═══ Material for the task ═══
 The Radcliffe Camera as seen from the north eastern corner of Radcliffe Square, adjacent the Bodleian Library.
═══
═══ Material for the task ═══
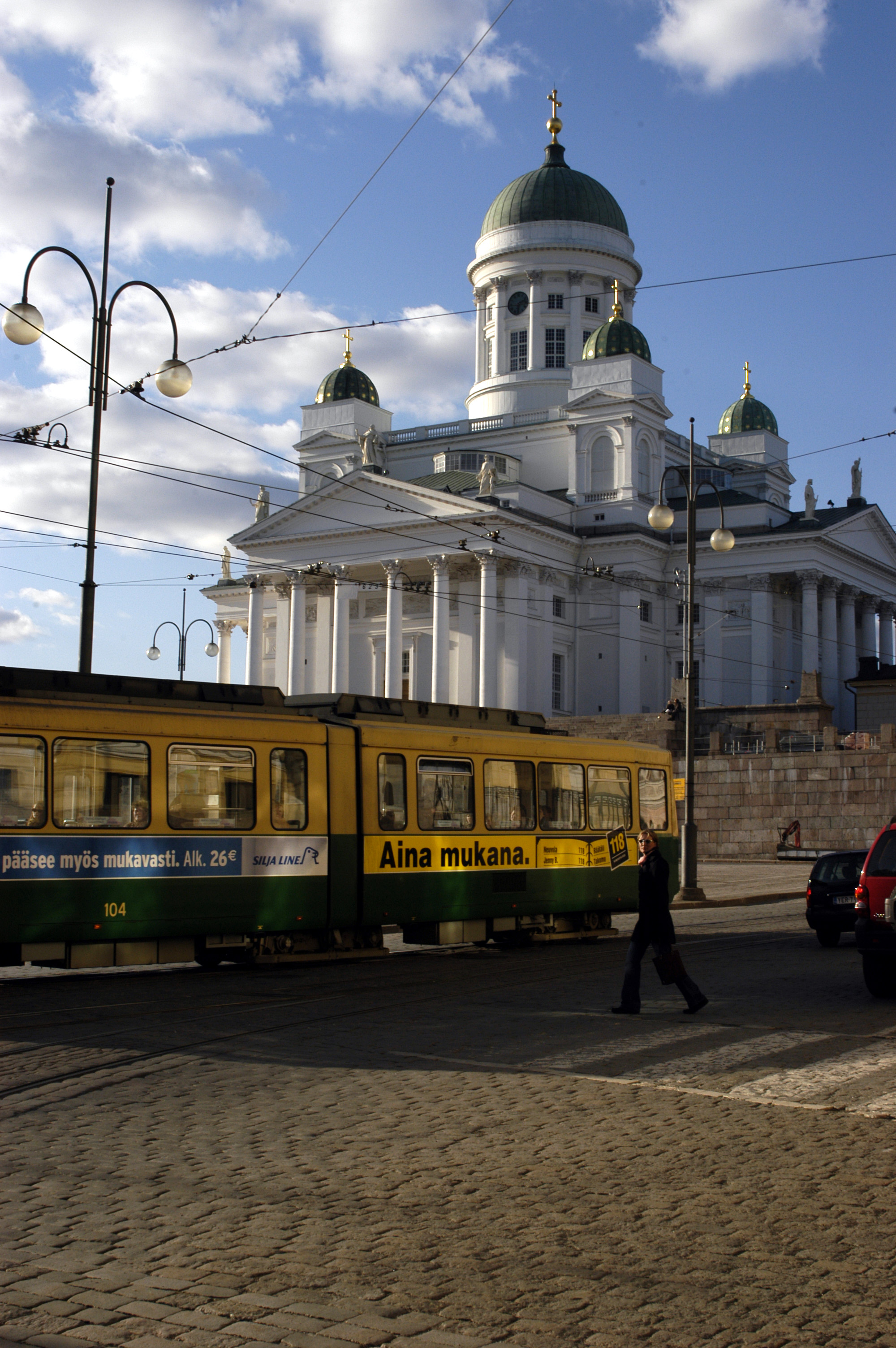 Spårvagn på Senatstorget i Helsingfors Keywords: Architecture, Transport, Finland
═══
═══ Material for the task ═══
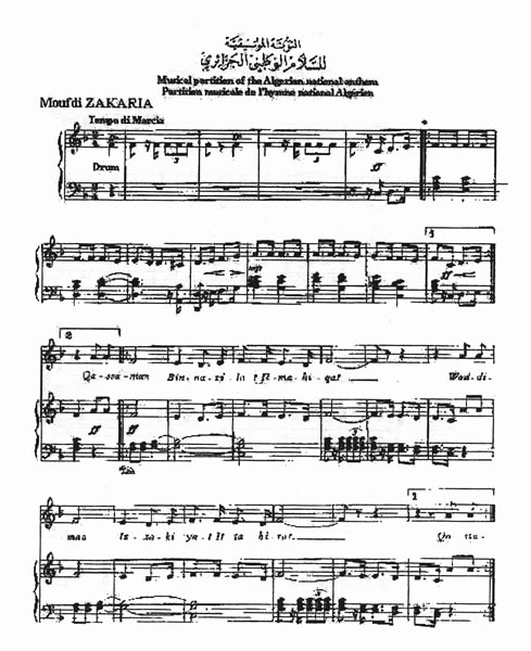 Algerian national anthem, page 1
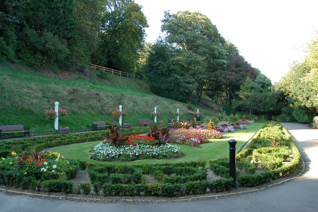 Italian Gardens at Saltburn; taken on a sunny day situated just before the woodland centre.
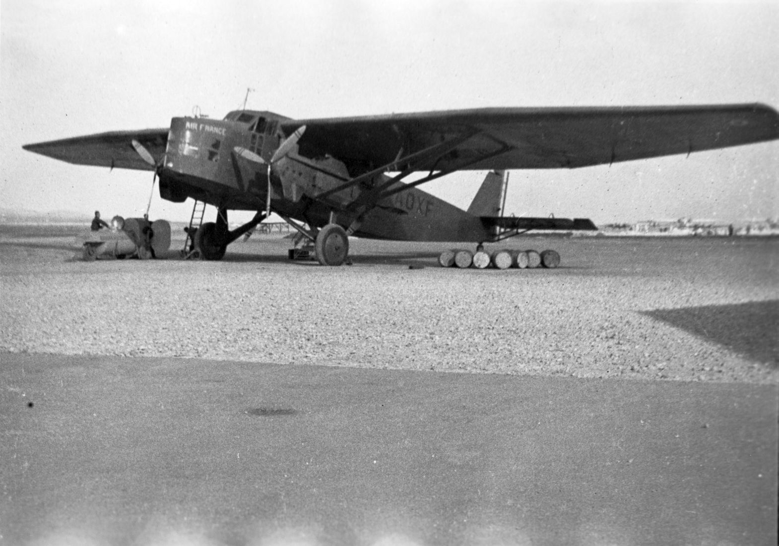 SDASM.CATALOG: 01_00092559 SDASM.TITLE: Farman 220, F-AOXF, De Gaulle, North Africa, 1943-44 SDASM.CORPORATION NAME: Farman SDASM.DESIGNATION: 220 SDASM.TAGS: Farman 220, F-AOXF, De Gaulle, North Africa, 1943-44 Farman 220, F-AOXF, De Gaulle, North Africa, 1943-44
═══
__Problem__: Whatever pictures the records hold, omit them; give again exactly the lines from the one containing "Algerian national anthem, page 1" through the one containing "SDASM.CATALOG: 01_00092559 SDASM.TITLE: Farman".

__Your response__:
 Algerian national anthem, page 1
 Italian Gardens at Saltburn; taken on a sunny day situated just before the woodland centre.
 SDASM.CATALOG: 01_00092559 SDASM.TITLE: Farman 220, F-AOXF, De Gaulle, North Africa, 1943-44 SDASM.CORPORATION NAME: Farman SDASM.DESIGNATION: 220 SDASM.TAGS: Farman 220, F-AOXF, De Gaulle, North Africa, 1943-44 Farman 220, F-AOXF, De Gaulle, North Africa, 1943-44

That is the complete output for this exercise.